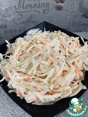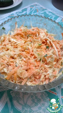 Салат "Cole slaw". С удивлением не обнаружила на сайте оригинального рецепта этого салата, да и в интернете не сразу нашла, не помню уже на каком сайте мне повезло. )) Готовила несколько вариантов, прежде, чем добилась желаемого вкуса. Помните в американских ресторанчиках подают чуть сладенький салат из моркови и капусты, как гарнир? Так вот, этот салатик один в один как ресторанный вариант! Так им "заболела", что готовлю на ужин по 2 раза в неделю.
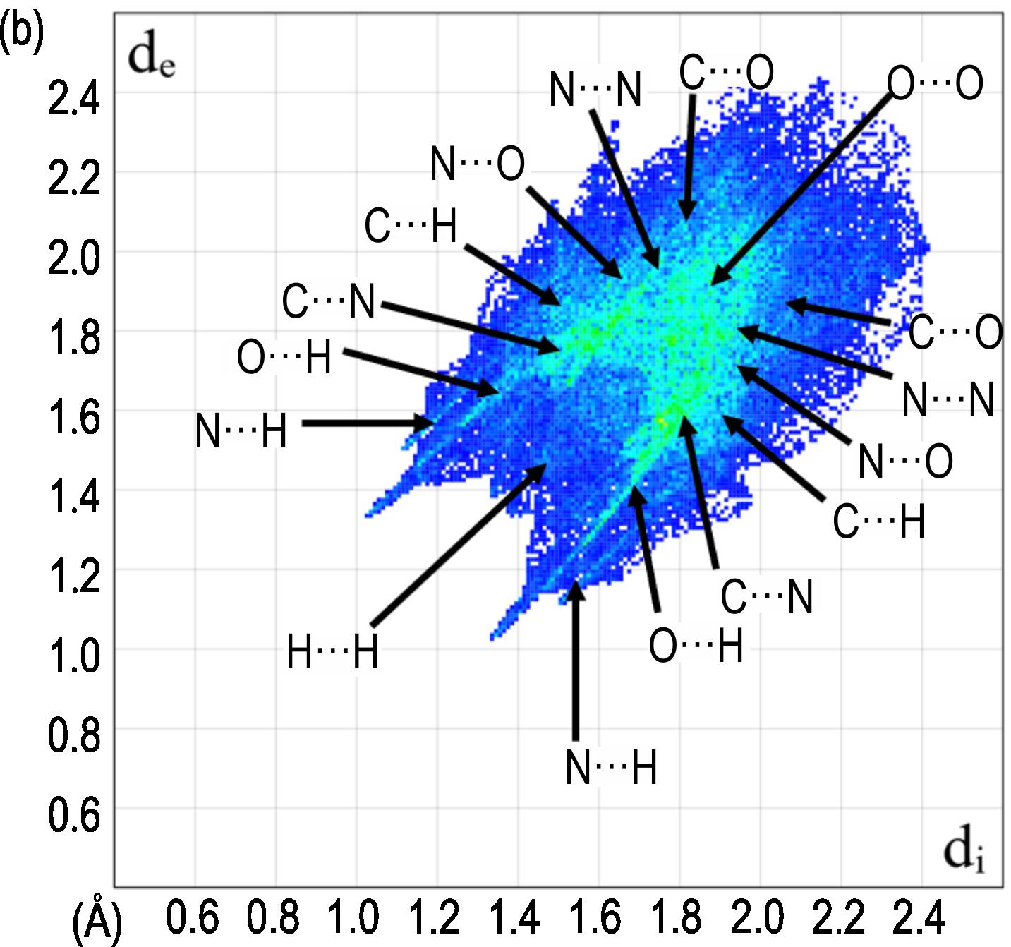 摘要:为解决绿色高能氧化剂二硝酰胺铵(ADN)强吸湿性制约其工程应用的问题,制备ADN/六亚甲基四胺(HMTA)共晶并对其进行性能研究。采用溶剂挥发法制备ADN/HMTA共晶,通过单晶X射线衍射(SC-XRD)、X射线衍射(XRD)、傅里叶变换红外光谱(FT-IR)、有机元素分析(EA)、同步热分析(TG-DSC)、氧弹量热法、BAM撞击/摩擦感度测试及吸湿性测试,系统表征共晶的晶体结构、纯度、热性能、能量性能、机械安全性与吸湿性;借助Crystalexplorer构建2D指纹图谱对其分子间相互作用进行研究。结果表明,该共晶不对称单元中含2个ADN分子与1个HMTA分子,属单斜晶系C2/c空间群,密度为1.564 g·cm-3,分子间相互作用分析有效印证了共晶中形成了键长更短、强度更强的N─H…N氢键;XRD与EA验证共晶为纯相且ADN与HMTA摩尔比为2∶1;热性能方面,共晶熔点为130.2 ℃,比ADN高38.8 ℃,热分解起始温度为168.5 ℃,比ADN高14.3 ℃;能量性能方面,共晶生成焓为-492.55 kJ·mol-1,理论比冲值为201.07 s,爆速为7854 m·s-1、爆压为20.72 GPa;机械感度方面,摩擦感度为288 N,撞击感度大于50 J,均高于ADN;吸湿性能方面,25 ℃、70%相对湿度下共晶153 h的吸湿率为0,而ADN 48 h时吸湿率已达20.95%。ADN/HMTA共晶的制备有效解决了ADN的强吸湿性问题。
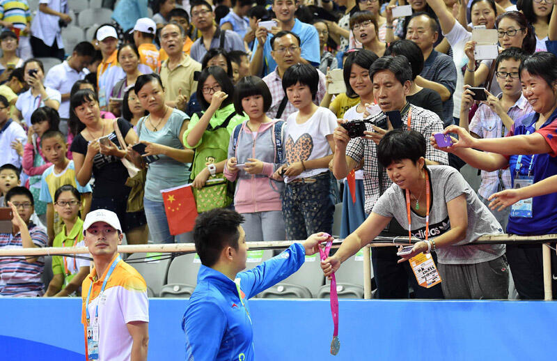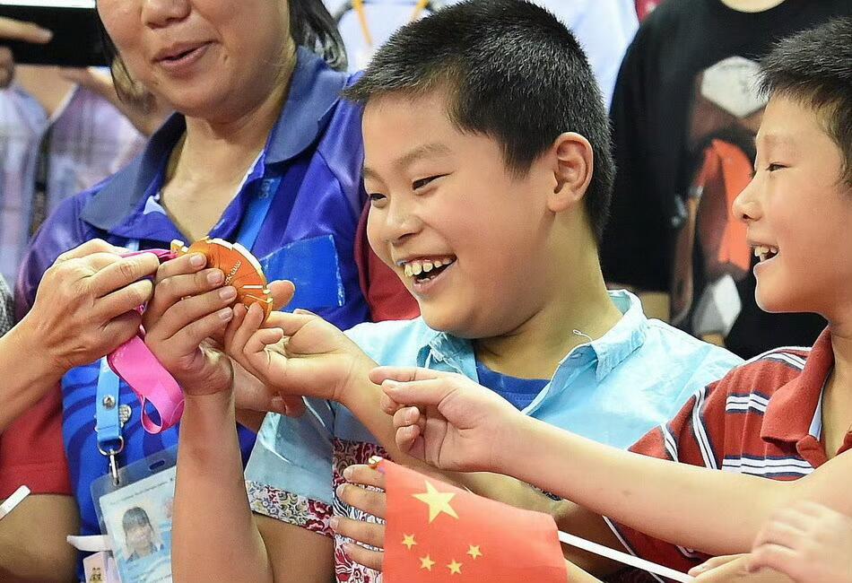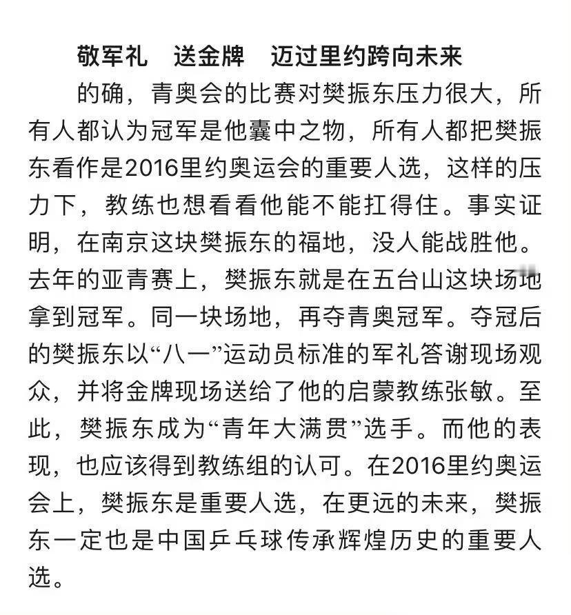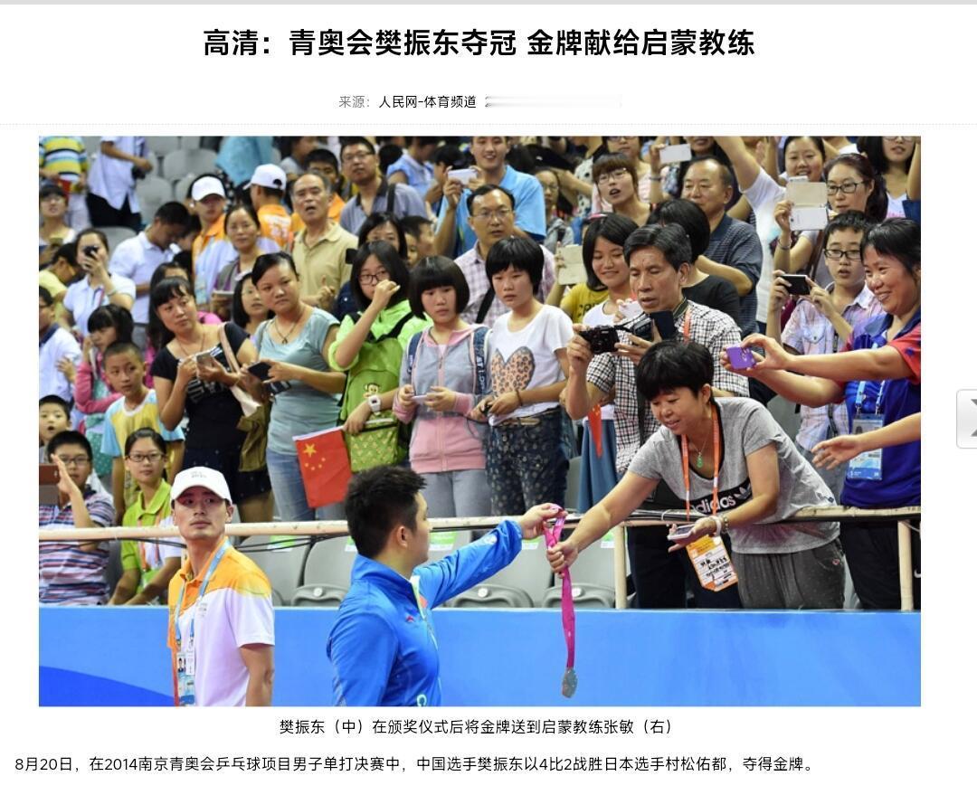 在2014年17岁的樊振东达成了人生第一个大满贯“青年大满贯”敬军礼为国争光,递金牌感恩启蒙恩师。樊振东荣誉加身时,他始终不忘来路,在颁奖仪式后主动将金牌递到启蒙教练张敏手中。最后三位小娃娃太演我了。
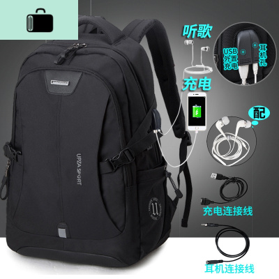 背包男韩版时尚潮流高中大学生书包电脑出差旅行旅游大容量双肩包NEW LAKE 285双接口黑色配耳机
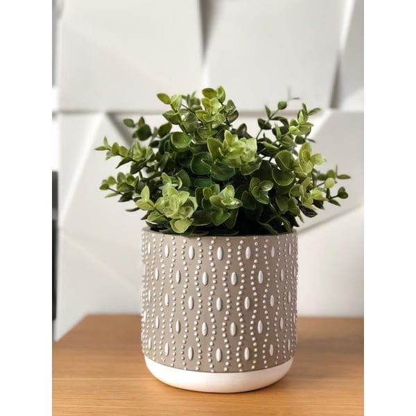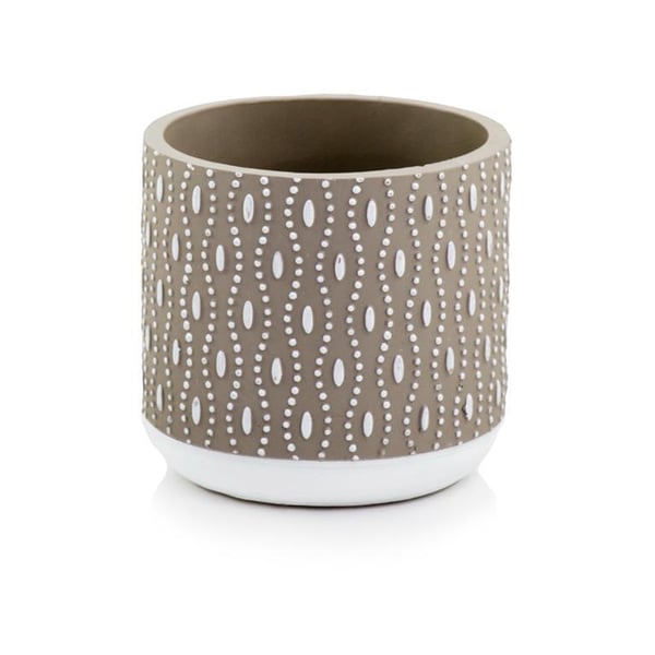 Cilindrična keramička posuda. Materijal od kojeg je izrađen podsjeća na teksturu betona - brojne ogrebotine i pore na površini namjerni su elementi dizajna. Minimalizam i prirodnost snaga su i ljepota ove navlake za lonce - ona ne nadjačava biljke izložene unutar nje. Ovaj će članak izgledati sjajno u interijerima s boho vibrom ili među modernijim uređenjem. Predstavljeni poklopac lonca služi kao ukrasni štit - biljke se ne smiju saditi izravno u njega. Više informacija možete pronaći u kartici tehničke specifikacije. Proizvodi su ručni rad i stvarne dimenzije mogu malo odstupati od deklariranih (+/- 5%).
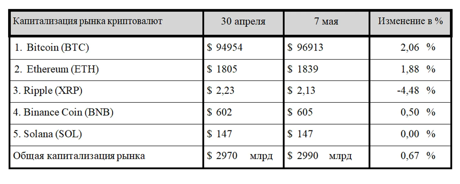 По итогам минувшего семидневного отчетного периода общая капитализация криптовалютного рынка немного увеличилась и вплотную застыла у психологической отметки $3 млрд. На вечер среды, 7 мая 2025 года, она составила $2,99 трлн, что на 0,67% выше значений, зафиксированных на конец прошлого отчетного периода.

§ **Exercise instructions**
Reproduce, word for word, every line from the start of the records down to and including the line with "背包男韩版时尚潮流高中大学生书包电脑出差旅行旅游大容量双肩包NEW LAKE 285双接口黑色配耳机"; skip the pictures.

§ **Answer to this exercise**
 Салат "Cole slaw". С удивлением не обнаружила на сайте оригинального рецепта этого салата, да и в интернете не сразу нашла, не помню уже на каком сайте мне повезло. )) Готовила несколько вариантов, прежде, чем добилась желаемого вкуса. Помните в американских ресторанчиках подают чуть сладенький салат из моркови и капусты, как гарнир? Так вот, этот салатик один в один как ресторанный вариант! Так им "заболела", что готовлю на ужин по 2 раза в неделю.
 摘要:为解决绿色高能氧化剂二硝酰胺铵(ADN)强吸湿性制约其工程应用的问题,制备ADN/六亚甲基四胺(HMTA)共晶并对其进行性能研究。采用溶剂挥发法制备ADN/HMTA共晶,通过单晶X射线衍射(SC-XRD)、X射线衍射(XRD)、傅里叶变换红外光谱(FT-IR)、有机元素分析(EA)、同步热分析(TG-DSC)、氧弹量热法、BAM撞击/摩擦感度测试及吸湿性测试,系统表征共晶的晶体结构、纯度、热性能、能量性能、机械安全性与吸湿性;借助Crystalexplorer构建2D指纹图谱对其分子间相互作用进行研究。结果表明,该共晶不对称单元中含2个ADN分子与1个HMTA分子,属单斜晶系C2/c空间群,密度为1.564 g·cm-3,分子间相互作用分析有效印证了共晶中形成了键长更短、强度更强的N─H…N氢键;XRD与EA验证共晶为纯相且ADN与HMTA摩尔比为2∶1;热性能方面,共晶熔点为130.2 ℃,比ADN高38.8 ℃,热分解起始温度为168.5 ℃,比ADN高14.3 ℃;能量性能方面,共晶生成焓为-492.55 kJ·mol-1,理论比冲值为201.07 s,爆速为7854 m·s-1、爆压为20.72 GPa;机械感度方面,摩擦感度为288 N,撞击感度大于50 J,均高于ADN;吸湿性能方面,25 ℃、70%相对湿度下共晶153 h的吸湿率为0,而ADN 48 h时吸湿率已达20.95%。ADN/HMTA共晶的制备有效解决了ADN的强吸湿性问题。
 在2014年17岁的樊振东达成了人生第一个大满贯“青年大满贯”敬军礼为国争光,递金牌感恩启蒙恩师。樊振东荣誉加身时,他始终不忘来路,在颁奖仪式后主动将金牌递到启蒙教练张敏手中。最后三位小娃娃太演我了。
 背包男韩版时尚潮流高中大学生书包电脑出差旅行旅游大容量双肩包NEW LAKE 285双接口黑色配耳机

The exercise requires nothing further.